* [Problem to solve] A faithful copy is required. Print each line of the data exactly and omit the pictures.
[[ Material provided, beginning ]]
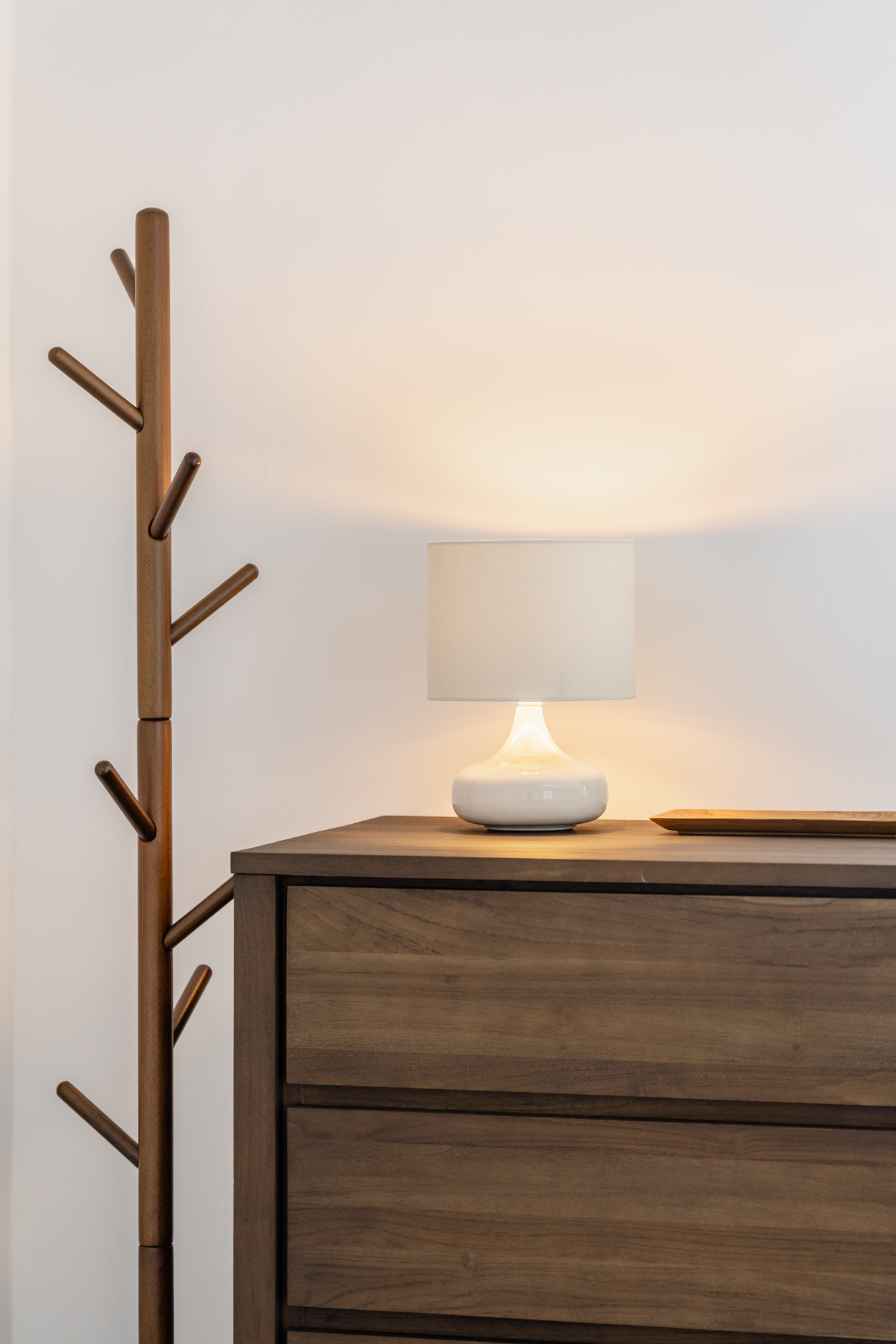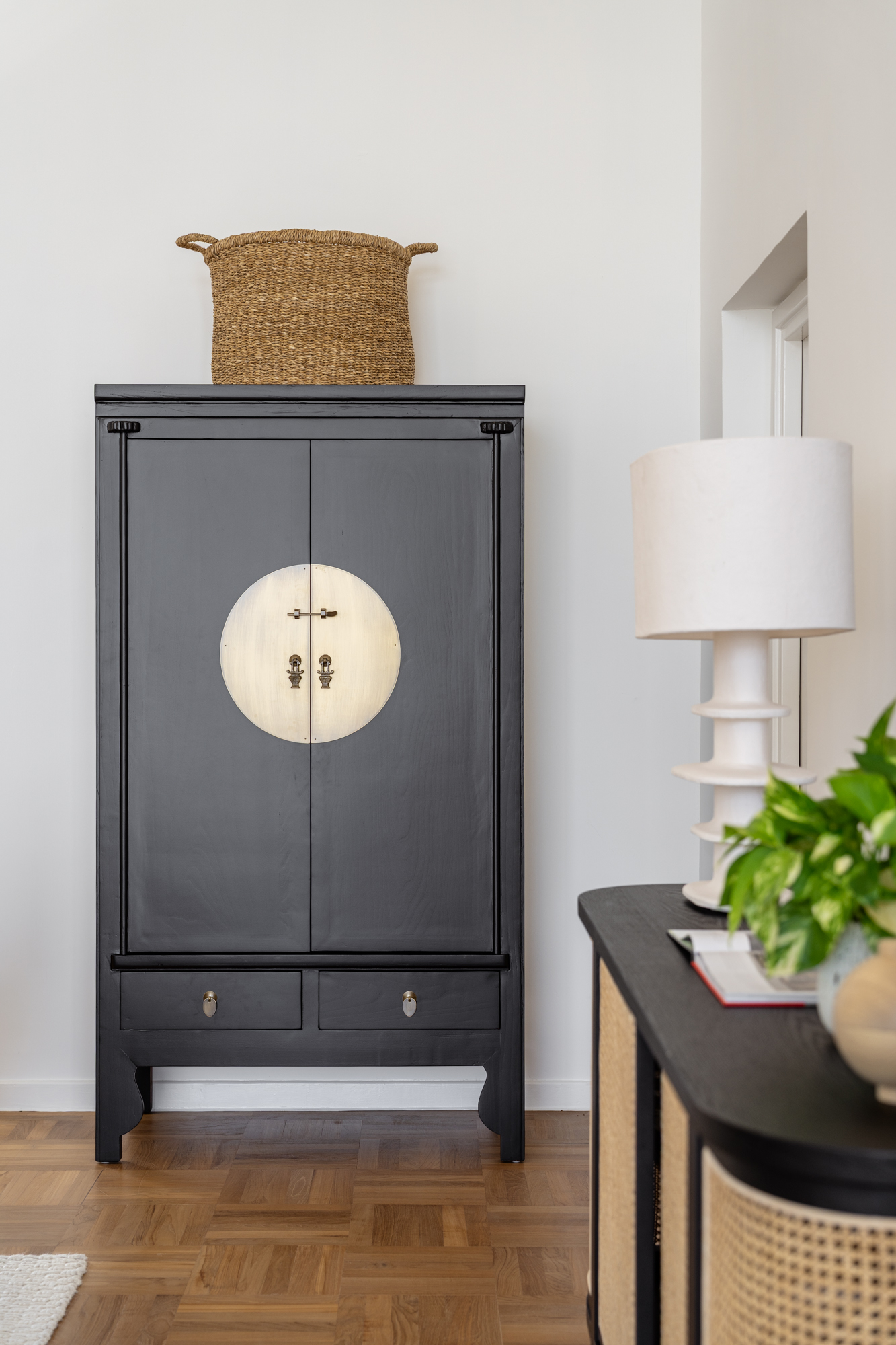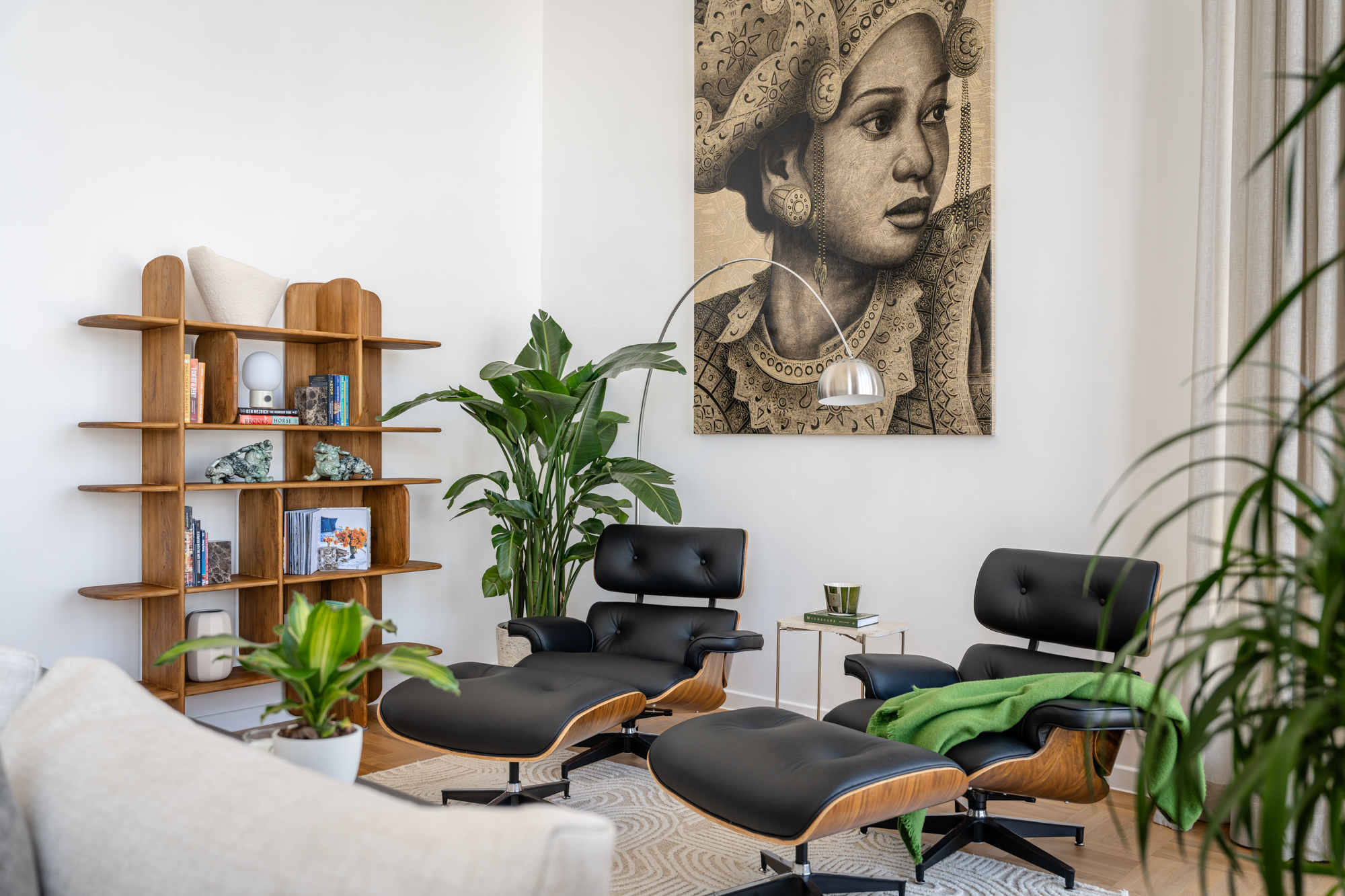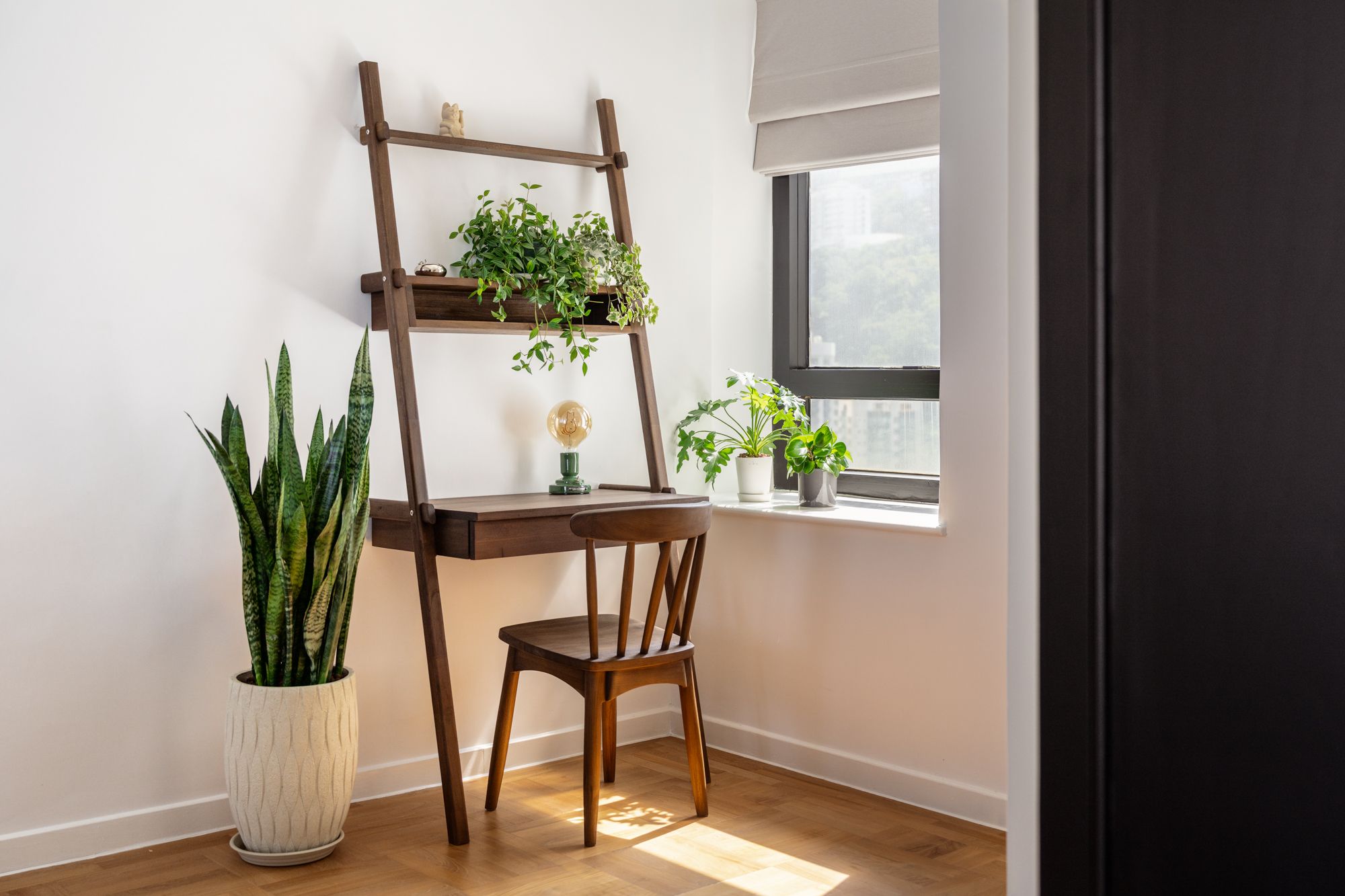 Moving homes rarely involves starting from scratch, and in this case, Lena already had a collection of beautiful pieces she loved, from her dining table and sofa to armchairs and artwork that carried memories from her previous space. The challenge was making these familiar elements feel at home in a completely new setting. This wasn’t our first time doing some rental-friendly home styling in Queen’s Garden in Central! We’ve styled other duplexes in the same building before and always look forward to the sweeping city views and clever layout, where the living and dining areas overlook the skyline.
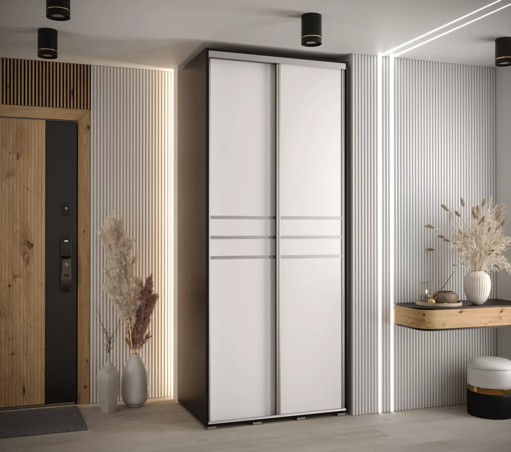 Šatní skříň YVONA 10 - 100/60 cm, černá / bílá / stříbrná
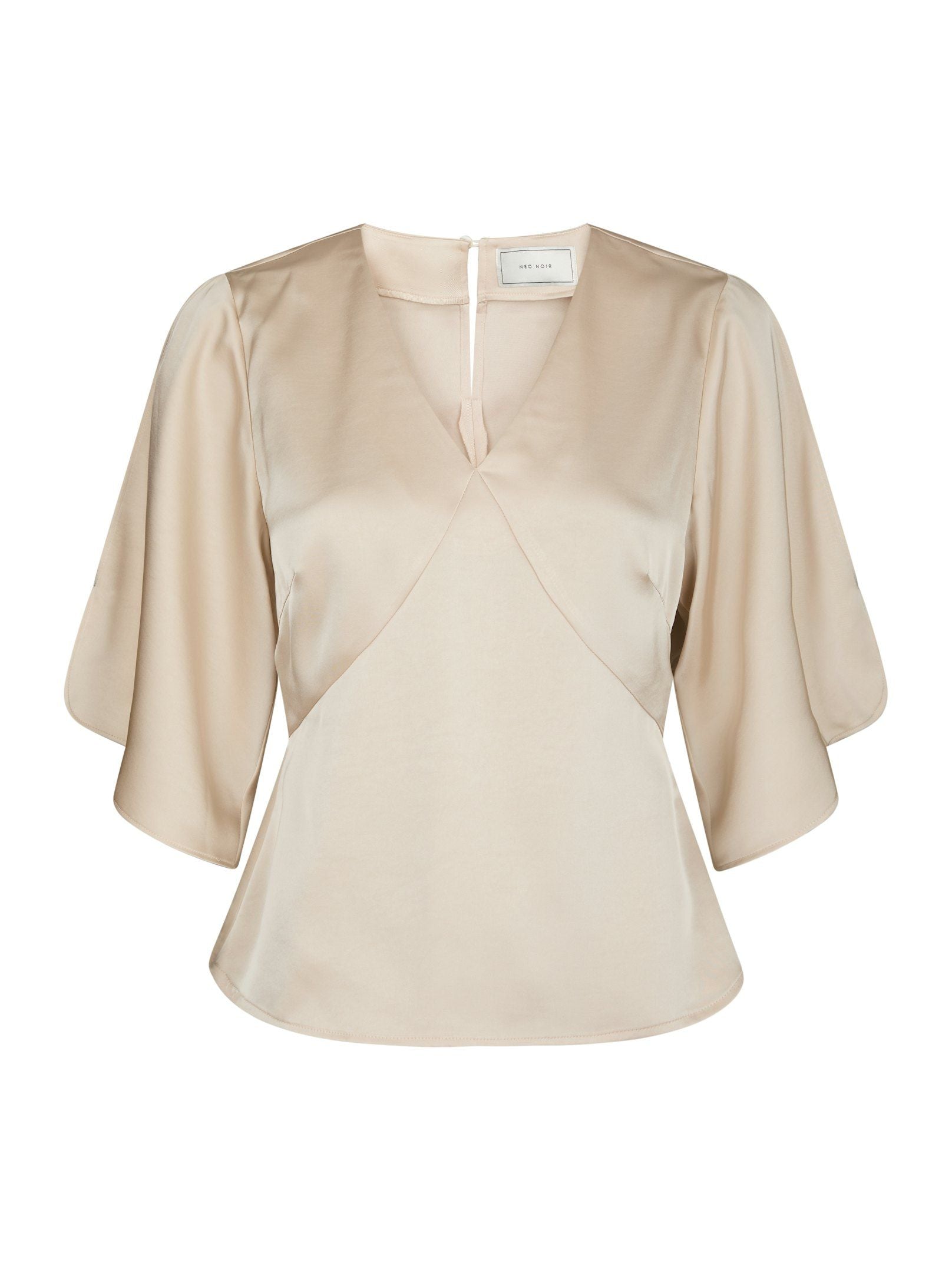 Blus med lösa ärmar och v-ringning. Blusen har en dragkedja bak. Modellen är 176 cm lång och bär storlek 36.
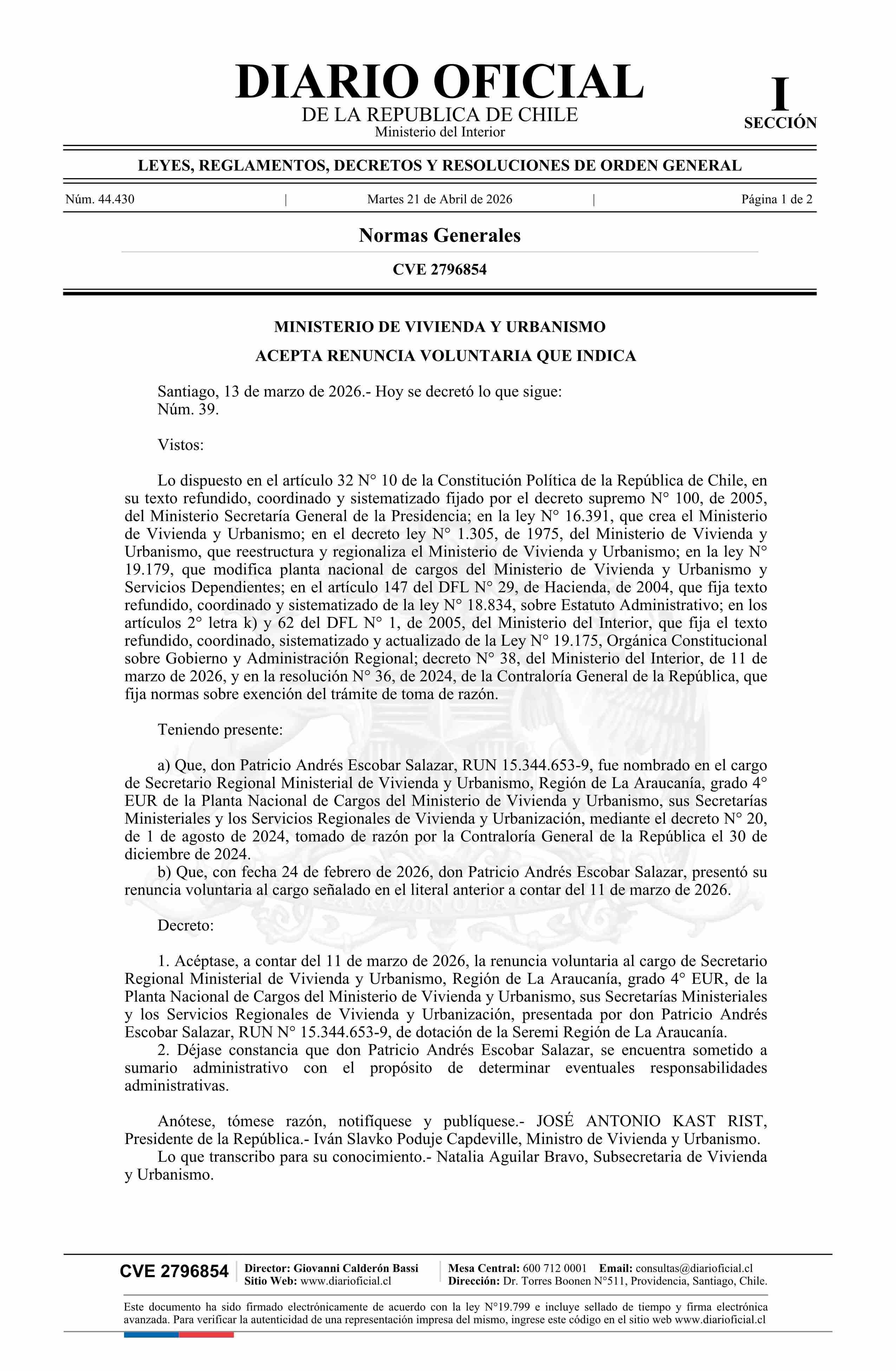 Decreto número 39, de 2026.- Acepta renuncia voluntaria de don Patricio Andrés Escobar Salazar al cargo de Secretario Regional Ministerial de la Región de La Araucanía 21-04-2026 Diario Oficial Edición Electrónica |
[[ Material provided, end ]]
* [Task response]
 Moving homes rarely involves starting from scratch, and in this case, Lena already had a collection of beautiful pieces she loved, from her dining table and sofa to armchairs and artwork that carried memories from her previous space. The challenge was making these familiar elements feel at home in a completely new setting. This wasn’t our first time doing some rental-friendly home styling in Queen’s Garden in Central! We’ve styled other duplexes in the same building before and always look forward to the sweeping city views and clever layout, where the living and dining areas overlook the skyline.
 Šatní skříň YVONA 10 - 100/60 cm, černá / bílá / stříbrná
 Blus med lösa ärmar och v-ringning. Blusen har en dragkedja bak. Modellen är 176 cm lång och bär storlek 36.
 Decreto número 39, de 2026.- Acepta renuncia voluntaria de don Patricio Andrés Escobar Salazar al cargo de Secretario Regional Ministerial de la Región de La Araucanía 21-04-2026 Diario Oficial Edición Electrónica |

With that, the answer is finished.